APC's strategic priorities – 2009-2012

By APC Publisher: APC     MONTEVIDEO,

APC members debate APC's strategic priorities for 2009-12APC members debate APC’s strategic priorities for 2009-12Founded in 1990, the Association for Progressive Communications (APC) is an international network and non-profit organisation that wants everyone to have easy, affordable and equal access to information and communications technologies (ICTs) like the internet and mobile phones to improve their lives.

Given our traditional alliances with human rights, environmental and women’s rights movements, we are especially interested in ensuring that the people who are actively trying to make the world a more just and equitable place (often called “civil society” or the third sector) are able to use the internet as effectively as possible to do their important work.

APC is both a network and an organisation. APC members are organisations that share the same vision, and the majority are based in the global south. Every five years, APC members meet to set the organisation’s strategic priorities for the next five years.
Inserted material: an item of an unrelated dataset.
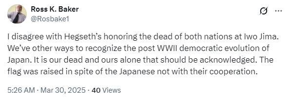 有网友称:我不同意赫格塞思纪念硫磺岛战役中两国的阵亡者,只有我们的阵亡者才值得纪念。

In late 2007, APC members from almost forty countries and five continents met to define the strategic priorities for APC until 2012.

They assessed the current context faced by APC and civil society organisations using internet and other ICTs for social change. They considered trends in accessing the internet – including the role of mobile telephony in democratising access -, in internet and information policy and regulation and in social networking and media. They also looked at other factors like climate change, which will have a huge impact on people’s lives and livelihoods in the coming years.

Discussions focused on the relationships between people, technology, the internet, environmental sustainability and the state of governance, public participation and transparency and how technology can be used to improve accountability.

After several days of deliberation, APC members identified six issues as the key strategic areas that APC must tackle in the next five years to ensure that the internet remains free and open, and that more and more people can connect to it and use it to improve their lives and create a more just world.

APC’s strategic priorities for 2009-12

1. Affordable internet access for all
APC believes the internet is a global public good that has become essential to meeting most people’s daily information and communication needs. Millions of people still do not have sufficient, affordable and reliable internet access. APC will continue to campaign to lower the price of internet connectivity, especially broadband, with a specific emphasis on Africa and Latin America. APC will also respond to the immense opportunity presented by mobile telephony as a means of accessing the internet. APC will advocate for policies that ensure openness, from open standards, to open content and freedom from censorship and surveillance. APC has traditionally worked with social change organisations. APC will continue to open policy spaces for these groups, ensuring that their voices and concerns are taken into account by policy-makers.

2. Creative engagement with strategic technologies
APC has assisted civil society groups’ work online since 1990. APC has a critical and hands-on approach to technologies and adopted a pro-free software policy in 1998. As new tools emerge, APC will work creatively with them to see how they can strengthen networking for social justice, and compare them to the old tools for effectiveness and appropriateness for users, especially those in developing contexts. Internet is APC’s primary area however, with more people interacting with the internet through mobile phones, APC will engage areas of convergence.

3. Making ICTs work for a sustainable environment
Many of APC’s founding and current members emerged from the green movement. APC will raise awareness of the environmental cost of the production, use and disposal of ICTs and promote policies and projects that use sustainable consumption models. In a world increasingly affected by climate change, we will support the use of ICTs to help people whose lives and livelihoods are under threat adapt to and mitigate the effects of climate change. As an ICT-focused network, we will reduce our own carbon footprint.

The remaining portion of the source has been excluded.